2. Leher : Pemeriksaan untuk mengetahui ada tidaknya pembesaran kelenjar
tyroid dan kelenjar limfe
3. Dada : Pemeriksaan untuk mengetahui normal bentuk simetris,
hiperpigmentasi areola atau tidak, ada benjolan atau tidak, putting susu
menonjol atau tidak
4. Abdomen : Pemeriksaan untuk mengetahui bentuk, ada bekas luka atau
tidak, dan ada nyeri tekan atau tidak.
5. Anogenital
 Vulva Vagina : Pemeriksaan untuk mengetahui normal atau
tidak, ada varises pada vulva atau tidak, ada kemerahan atau tidak,
ada nyeri tekan atau tidak, dan ada pembesaran kelenjar bartholini
atau tidak (Romauli, 2011). Pada kasus gangguan sistem reproduksi
dengan kista bartholini didapatkan hasil pemeriksaan terlihat ada
massa di dinding sebelah dalam pada 1/3 bawah labium mayora,
warna merah, kulit mengkilat (Prawirohardjo, 2011).

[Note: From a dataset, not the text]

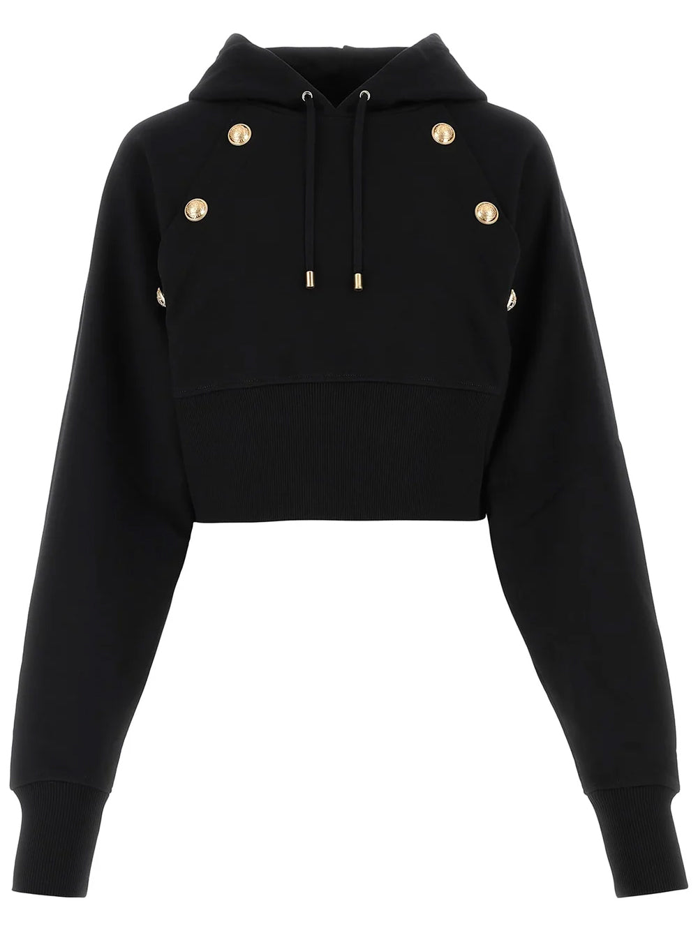 BALMAIN WOMEN Button-Detail Cropped Hoodie Black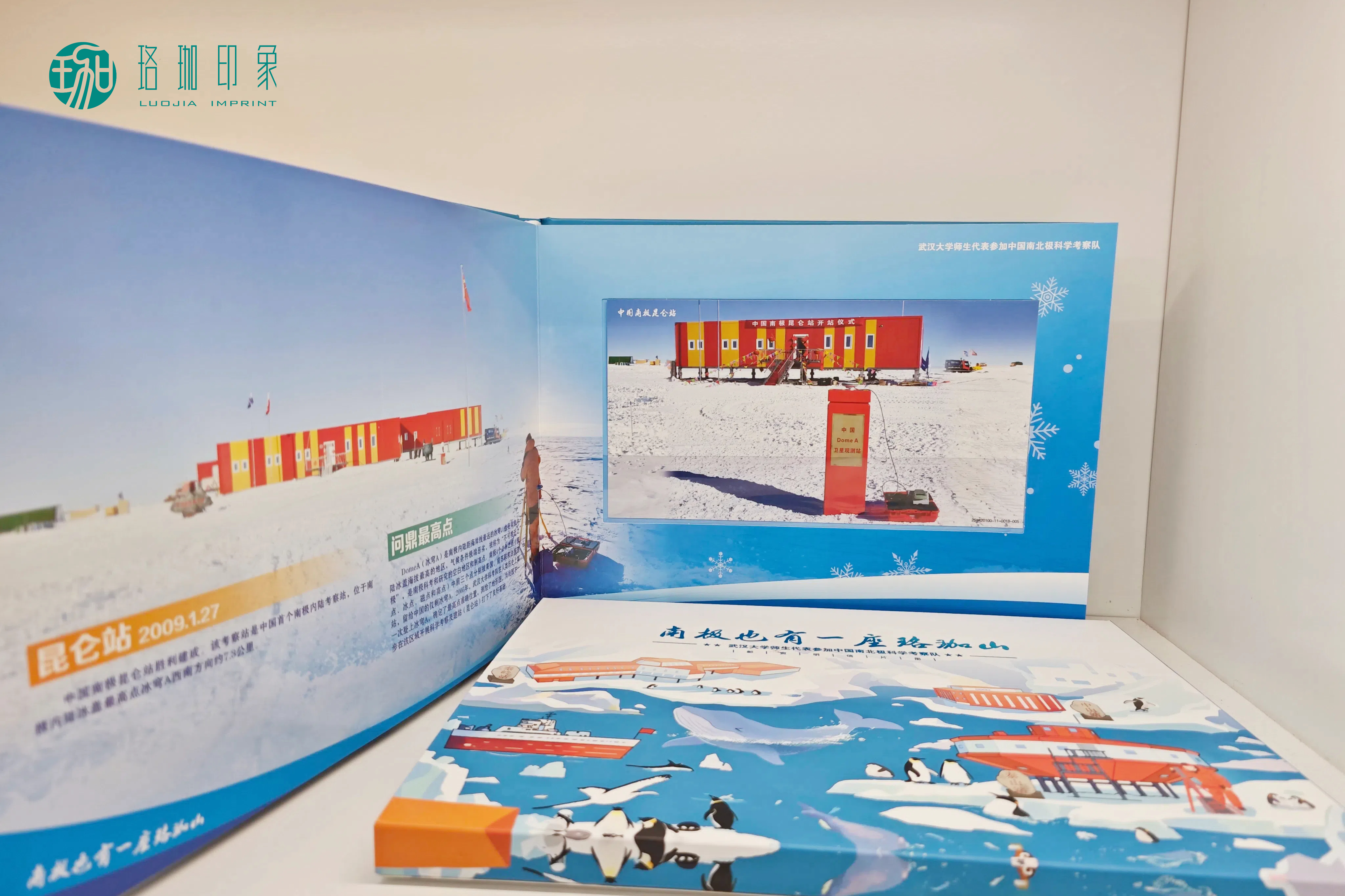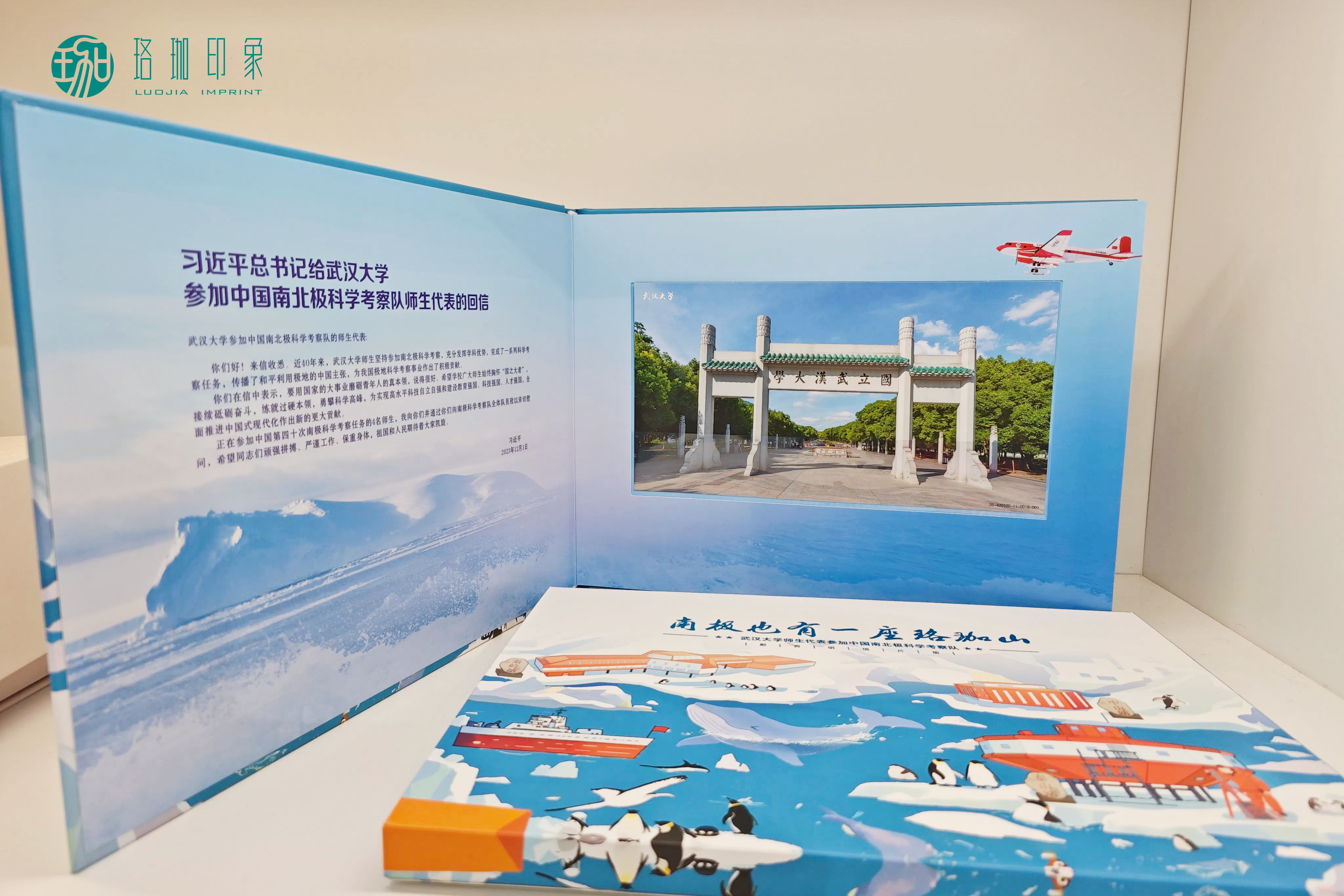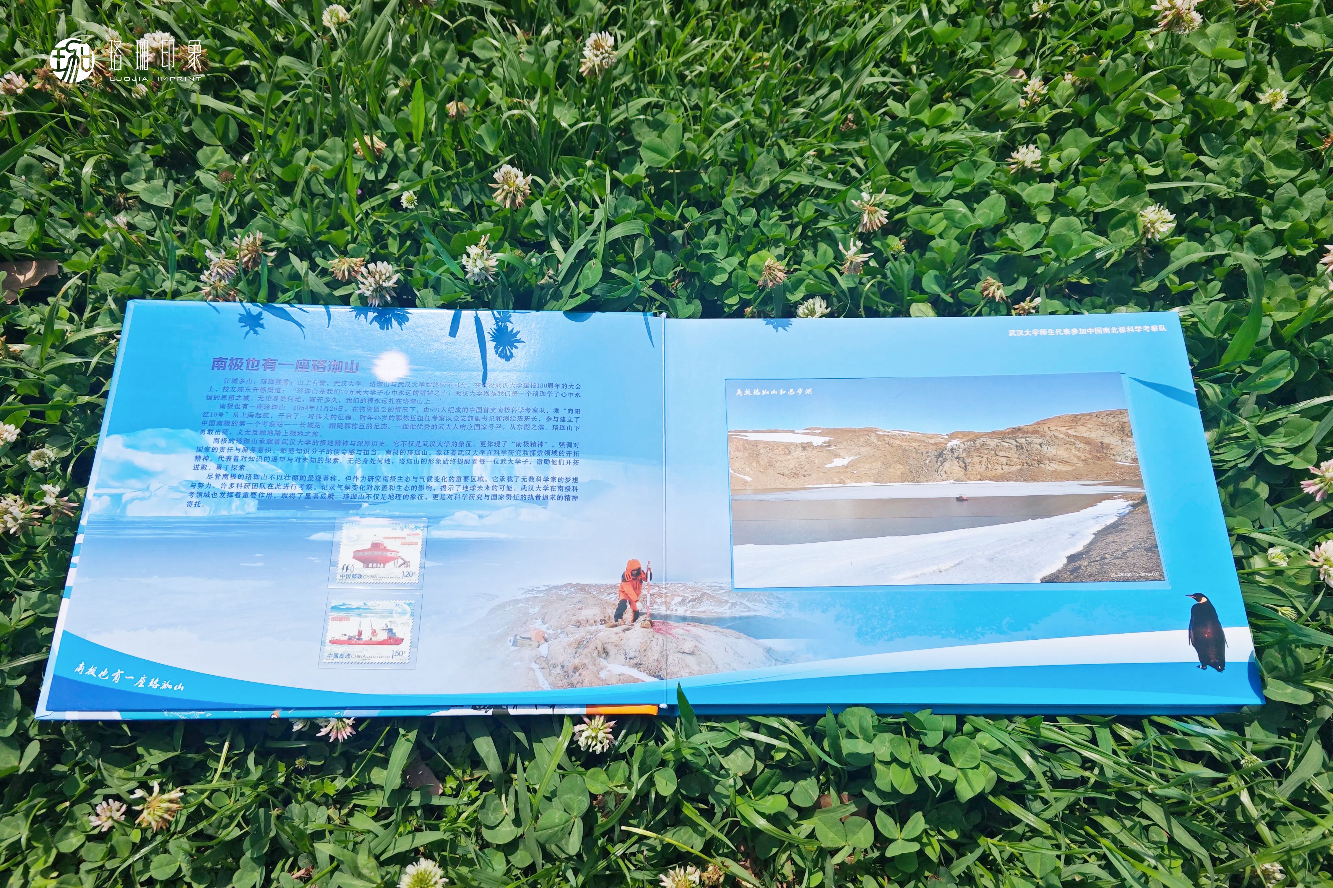 珞珈印象联合中国邮政集团公司武汉市武昌区分公司、武汉大学中国南极测绘研究中心、城市设计学院黄敏设计团队、数字文化与创意产业研究所,围绕武汉大学南极科考主题文化,推出专属个性化邮资明信片册及邮资邮折文创系列产品,是科学、历史、艺术与人文的交汇点,是武大科考的独家极地记忆。

6. Anus : Pemeriksaan untuk mengetahui ada haemoroid atau tidak
(Romauli, 2011).
7. Ekstermitas
a. Varises : Pemeriksaan untuk mengetahui ada varises atau tidak (Romauli,
2011).
b. Oedema : Pemeriksaan untuk mengetahui ada oedema atau tidak (Romauli,
2011).
c. Reflek Patella : Tungkai bawah akan bergerak sedikit ketika tendon diketuk
(Romauli, 2011). Pada kasus gangguan sistem reproduksi dengan kista
bartholini tidak dilakukan pemeriksaan reflek patella.